(Beginning of Task data)

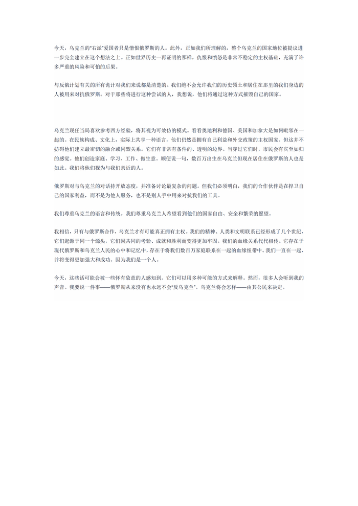 这篇文章言辞恳切,用倾诉和劝告的口吻,呼吁乌克兰人放弃对俄罗斯的仇恨和愤怒。所以在中文网络上,被网友们戏称为《告乌克兰同胞书》。
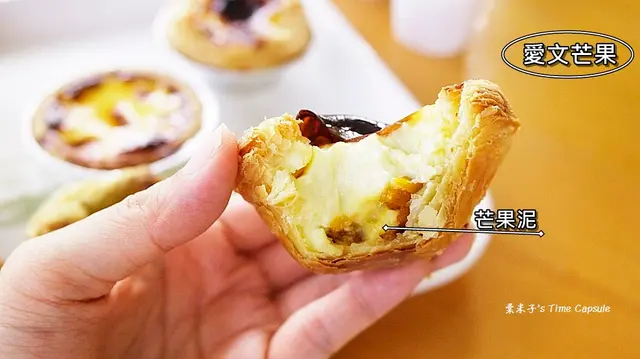 因加了芒果泥在蛋塔底層所以吃起來多了果香,感覺較清爽!
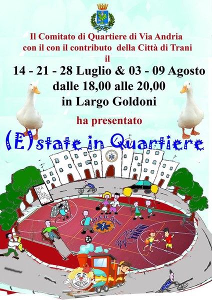 Con l’evento “Basket in quartiere” si è conclusa la kermesse di eventi “(E)state in quartiere”, organizzata dal Comitato di quartiere di Via Andria con la collaborazione delle associazioni presenti sul territorio, che ha avuto inizio il 14 luglio ed ha ottenuto un costante aumento di partecipazione.
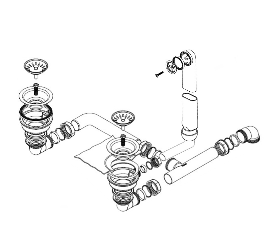 HPS-Ablaufverbindung 1½“ für Doppelspülen mit zentrischem Abgang, Höhenausgleichsstück und 1GA für Doppelspülen mit gleich tiefen Becken
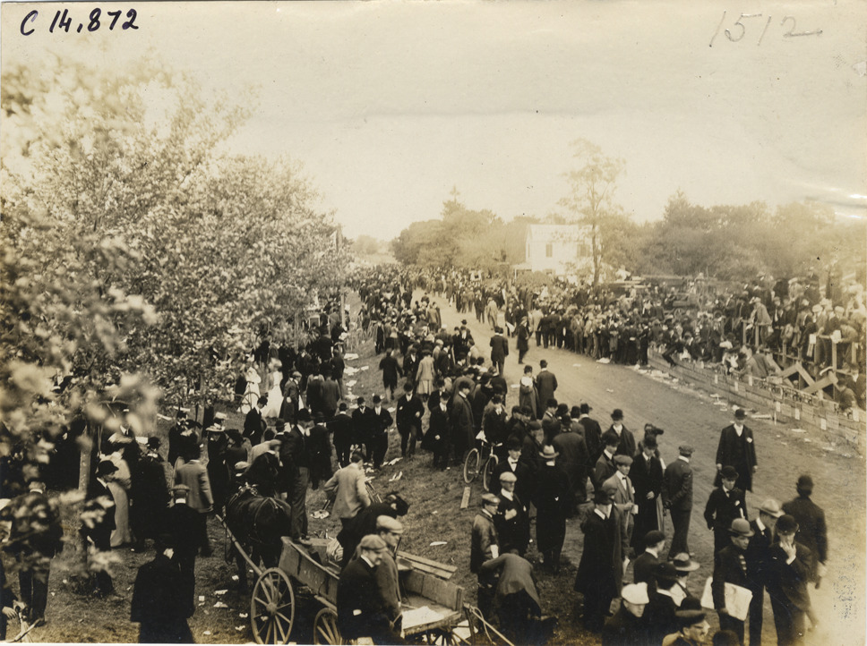 View of spectators along course during the 1904 Vanderbilt Cup races on Long Island, New York. Handwritten on back: "Races and racing--Vanderbilt Cup races, 1904."
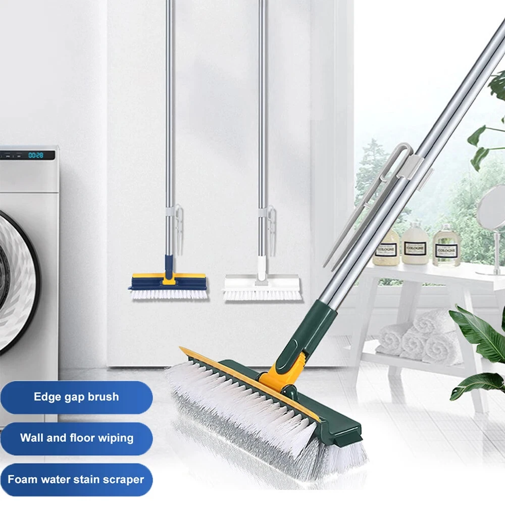 3 in 1 Floor Scrub Brush Long Handle 180°Rotating Multifunction Scrape Cleaning Brush with Right Angled Bristle & Scraper Stiff Bristle Floor Brush for Cleaning Wall Corner Patio Bathroom Tub Tile Feature: 1. Versatile Cleaning Tool: The long handle floor scrub brush acts as a 3-in-1 multifunction scrape cleaning brush, perfect for tackling stubborn stains, dirt, and grime on walls, corners, patios, bathrooms, garages, and kitchens. Its combined brush and scraper design boosts cleaning efficiency, making household chores a breeze. 2. Effective on Tough Stains: Designed with stiff bristles at a right angle, the floor brush scrubber excels in reaching grout lines, tight spaces, and corners without damaging tiles. This makes it an ideal tool for removing stubborn dirt from floors and walls, enhancing the cleanliness of your home. 3. Flexible and Easy to Maneuver : Featuring a handle that rotates 180 degrees, the stiff bristle floor brush allows for easy access to hard-to-reach surfaces. Clean tile floors and wall grout effortlessly with this ergonomically designed brush that adjusts to your cleaning needs. 4. Ergonomic Design for Multiple Surfaces: The scrape stiff bristle scrubber brush is ergonomically designed to maintain a 45-degree angle with the floor, offering a labor-saving grip that works well on both wet and dry surfaces. It's suitable for a variety of floors including tile, hardwood, glass, and concrete, as well as for cleaning tubs, bathrooms, kitchens, showers, walls, garages, and patios. 5. Dura ble and Secure Construction: Made from durable PP material and iron wire, the multifunction scrape cleaning brush features a handle with a locking threaded joint, ensuring it stays secure and doesn't loosen, even during heavy-duty cleaning tasks. This robust construction guarantees a long-lasting life for your cleaning tool. Specification: Color: dark green, white, dark blue material: plastic Product size: 24*109cm/9.44*42.91inch Packaging: PE bag packaging Note: Due to the different monitor and light effect, the actual color of the item might be slightly different from the color showed on the pictures. Thank you! Please allow 1-2cm measuring deviation due to manual measurement. 1 x Floor Scrub Brush
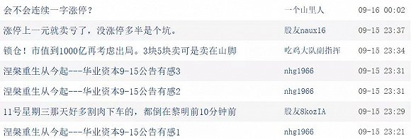 无论如何,*ST华业的中小股东们在消息披露后总算看到一线希望。股吧里的不少中小股东不仅期待股价涨停,更是期待着股价连续“一”字涨停,甚至连夜讨论到底该在第几个涨停板的时候卖出才合适……
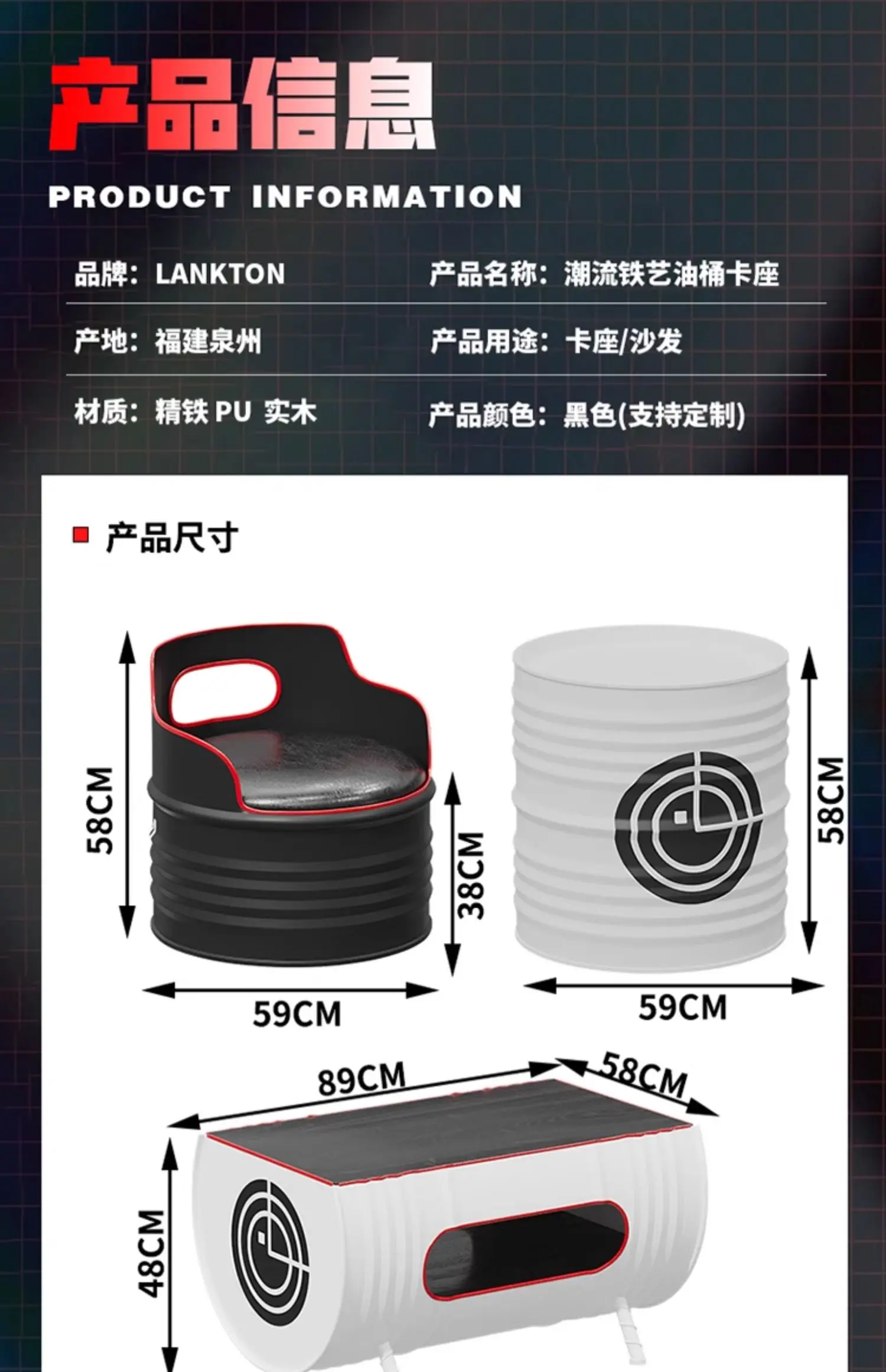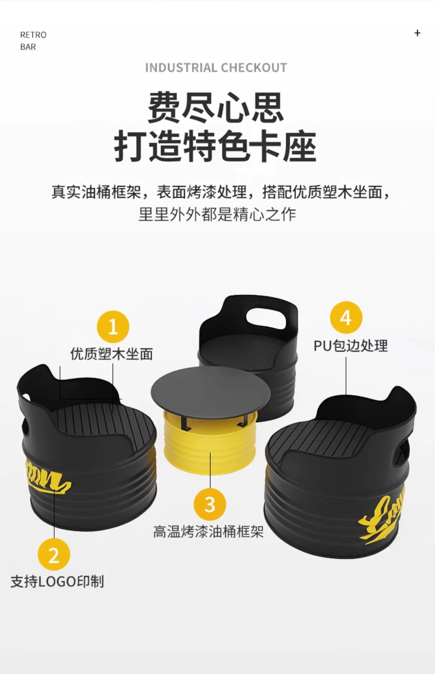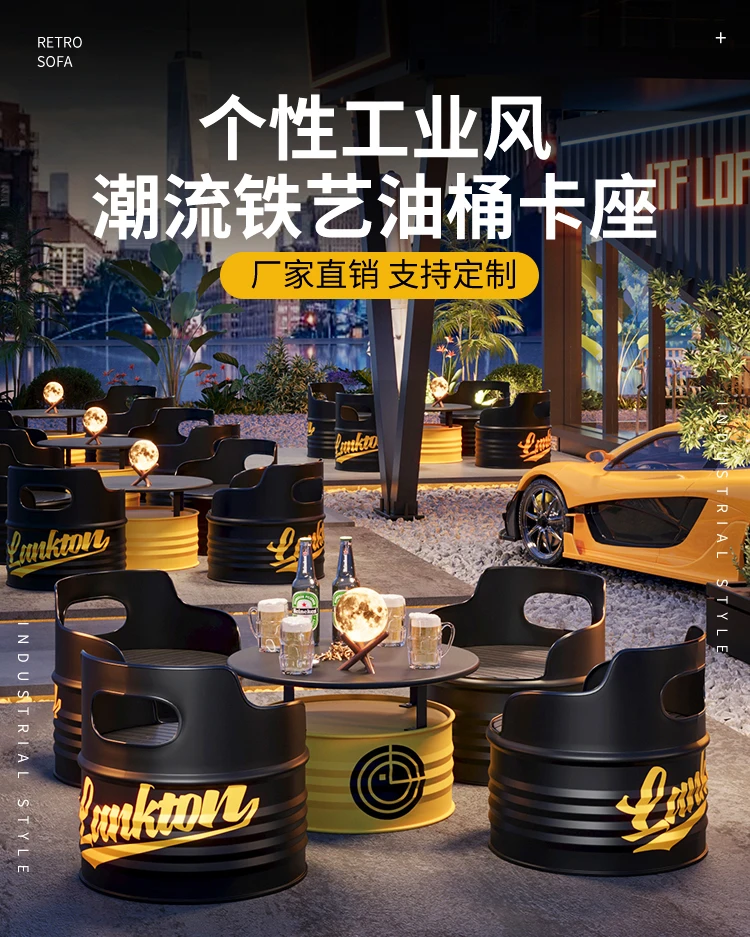 Industrial wind oil drum table and chair combination milk tea barbecue restaurant indoor and outdoor wrought iron furniture can
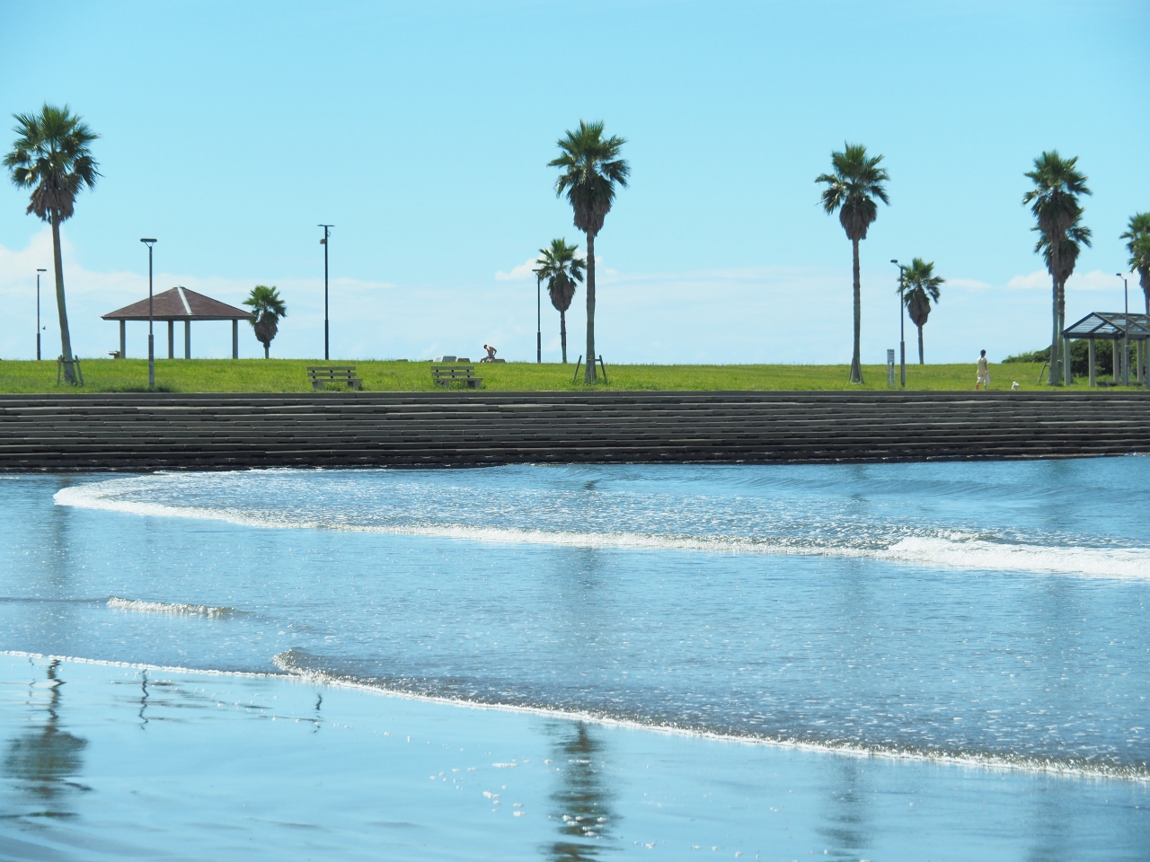 9月に行きましたが、海で遊んでいる人は意外と少なかったです。砂浜が綺麗で、ヤシの木も植えられており雰囲気は南の島って感じがしました。湾になっているので、波は小さく遊びやすいと思います。駐車場は無料でたくさんのスペースがありました。
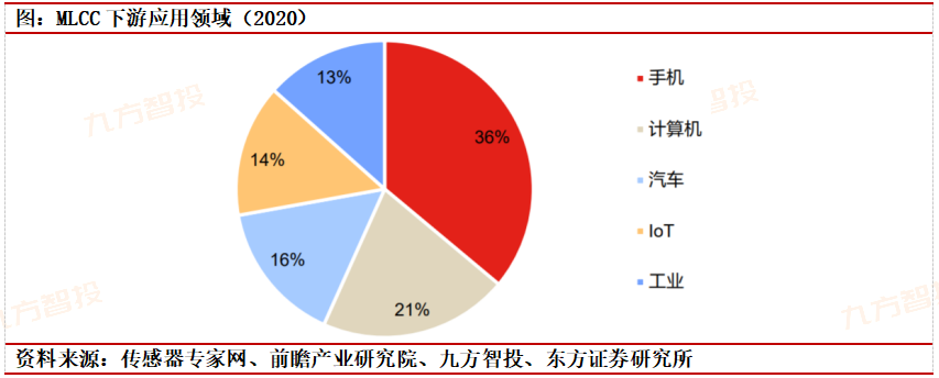 MLCC下游应用广泛,下游应用市场包括手机、计算机、汽车、IoT和工业等领域。其中,手机是MLCC最大的应用领域,占据36%的市场份额;汽车在MLCC中的终端占比约为16%。展望未来,MLCC行业不仅直接受益于5G建设的需求带动,而且会随着新能源汽车以及电子产品性能升级的蓬勃发展而长期向好。
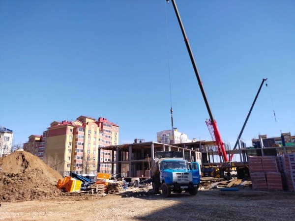 На текущий момент завершено армирование и бетонирование колонн, стен и перекрытий цокольного этажа, кирпичная кладка перегородок в цокольном этаже, изготовление трубопроводов для теплового узла, ведется монтаж систем канализации, отопления, электроснабжения, батарей, идет кладка стен и перегородок первого этажа, забетонировано перекрытие и колонны второго этажа.
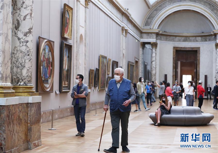 7月6日,人們?cè)诜▏?guó)巴黎盧浮宮博物館參觀。因新冠病毒疫情關(guān)閉3個(gè)多月后,法國(guó)盧浮宮博物館于6日重新開(kāi)放。新華社記者高靜攝

(End of Task data)

Each line from the one containing "无论如何,*ST华业的中小股" through the last line of the listing is to be given again exactly, with no pictures and no other lines.

 无论如何,*ST华业的中小股东们在消息披露后总算看到一线希望。股吧里的不少中小股东不仅期待股价涨停,更是期待着股价连续“一”字涨停,甚至连夜讨论到底该在第几个涨停板的时候卖出才合适……
 Industrial wind oil drum table and chair combination milk tea barbecue restaurant indoor and outdoor wrought iron furniture can
 9月に行きましたが、海で遊んでいる人は意外と少なかったです。砂浜が綺麗で、ヤシの木も植えられており雰囲気は南の島って感じがしました。湾になっているので、波は小さく遊びやすいと思います。駐車場は無料でたくさんのスペースがありました。
 MLCC下游应用广泛,下游应用市场包括手机、计算机、汽车、IoT和工业等领域。其中,手机是MLCC最大的应用领域,占据36%的市场份额;汽车在MLCC中的终端占比约为16%。展望未来,MLCC行业不仅直接受益于5G建设的需求带动,而且会随着新能源汽车以及电子产品性能升级的蓬勃发展而长期向好。
 На текущий момент завершено армирование и бетонирование колонн, стен и перекрытий цокольного этажа, кирпичная кладка перегородок в цокольном этаже, изготовление трубопроводов для теплового узла, ведется монтаж систем канализации, отопления, электроснабжения, батарей, идет кладка стен и перегородок первого этажа, забетонировано перекрытие и колонны второго этажа.
 7月6日,人們?cè)诜▏?guó)巴黎盧浮宮博物館參觀。因新冠病毒疫情關(guān)閉3個(gè)多月后,法國(guó)盧浮宮博物館于6日重新開(kāi)放。新華社記者高靜攝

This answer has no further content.